> **Exercise directions**:
Your task is to restate word for word the lines in the material below, from the one with "Professional DIN rail" up to and including the one with "예상대로 깔끔하게 비웠습니다.". Do not carry over the pictures.

> **Given data**:

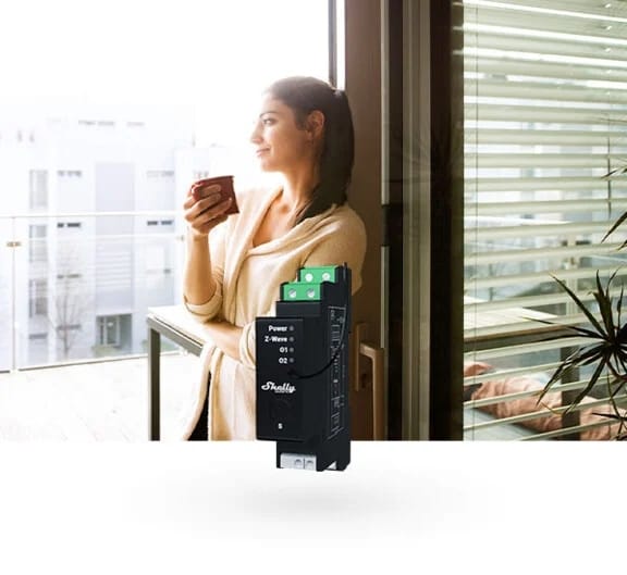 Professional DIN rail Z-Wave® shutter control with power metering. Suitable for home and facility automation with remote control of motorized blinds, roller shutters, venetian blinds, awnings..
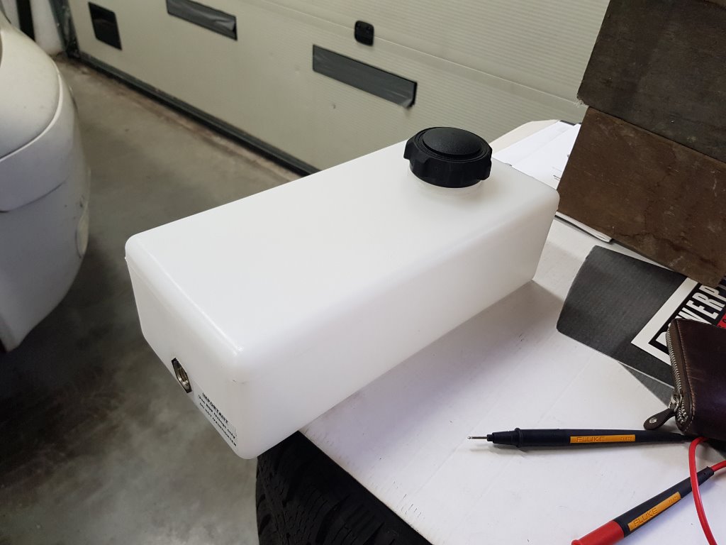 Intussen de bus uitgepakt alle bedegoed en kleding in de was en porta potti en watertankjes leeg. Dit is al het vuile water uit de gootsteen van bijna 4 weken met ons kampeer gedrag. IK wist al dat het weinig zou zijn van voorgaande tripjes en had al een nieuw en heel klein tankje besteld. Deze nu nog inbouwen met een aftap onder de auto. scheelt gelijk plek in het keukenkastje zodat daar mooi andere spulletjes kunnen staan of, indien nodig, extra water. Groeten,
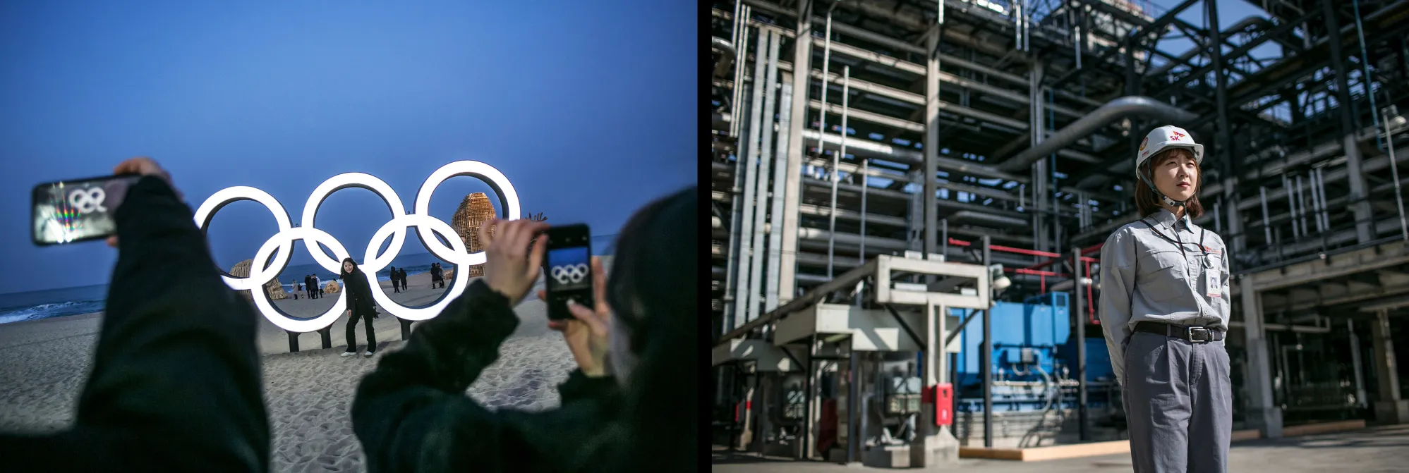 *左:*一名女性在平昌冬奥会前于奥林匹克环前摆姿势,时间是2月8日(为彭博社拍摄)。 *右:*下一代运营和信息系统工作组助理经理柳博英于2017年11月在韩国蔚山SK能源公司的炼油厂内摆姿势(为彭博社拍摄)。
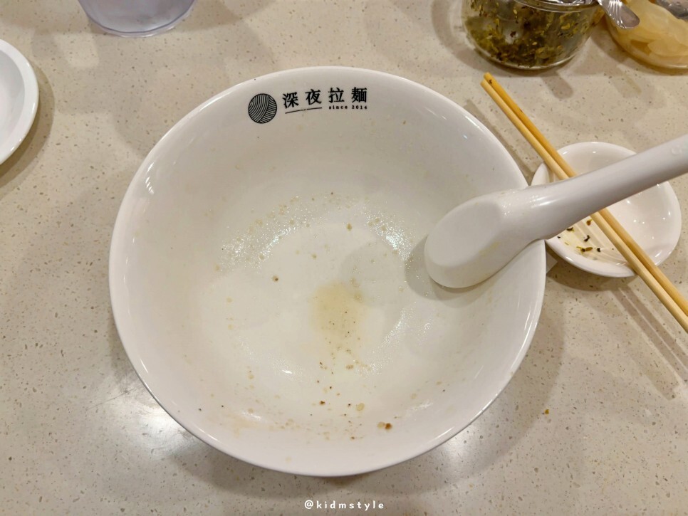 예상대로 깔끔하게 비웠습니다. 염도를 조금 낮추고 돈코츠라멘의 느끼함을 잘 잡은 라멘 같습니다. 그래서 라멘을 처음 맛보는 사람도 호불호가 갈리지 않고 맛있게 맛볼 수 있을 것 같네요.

--

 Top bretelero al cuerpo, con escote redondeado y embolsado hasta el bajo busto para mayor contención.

> **Answer to this problem**:
 Professional DIN rail Z-Wave® shutter control with power metering. Suitable for home and facility automation with remote control of motorized blinds, roller shutters, venetian blinds, awnings..
 Intussen de bus uitgepakt alle bedegoed en kleding in de was en porta potti en watertankjes leeg. Dit is al het vuile water uit de gootsteen van bijna 4 weken met ons kampeer gedrag. IK wist al dat het weinig zou zijn van voorgaande tripjes en had al een nieuw en heel klein tankje besteld. Deze nu nog inbouwen met een aftap onder de auto. scheelt gelijk plek in het keukenkastje zodat daar mooi andere spulletjes kunnen staan of, indien nodig, extra water. Groeten,
 *左:*一名女性在平昌冬奥会前于奥林匹克环前摆姿势,时间是2月8日(为彭博社拍摄)。 *右:*下一代运营和信息系统工作组助理经理柳博英于2017年11月在韩国蔚山SK能源公司的炼油厂内摆姿势(为彭博社拍摄)。
 예상대로 깔끔하게 비웠습니다. 염도를 조금 낮추고 돈코츠라멘의 느끼함을 잘 잡은 라멘 같습니다. 그래서 라멘을 처음 맛보는 사람도 호불호가 갈리지 않고 맛있게 맛볼 수 있을 것 같네요.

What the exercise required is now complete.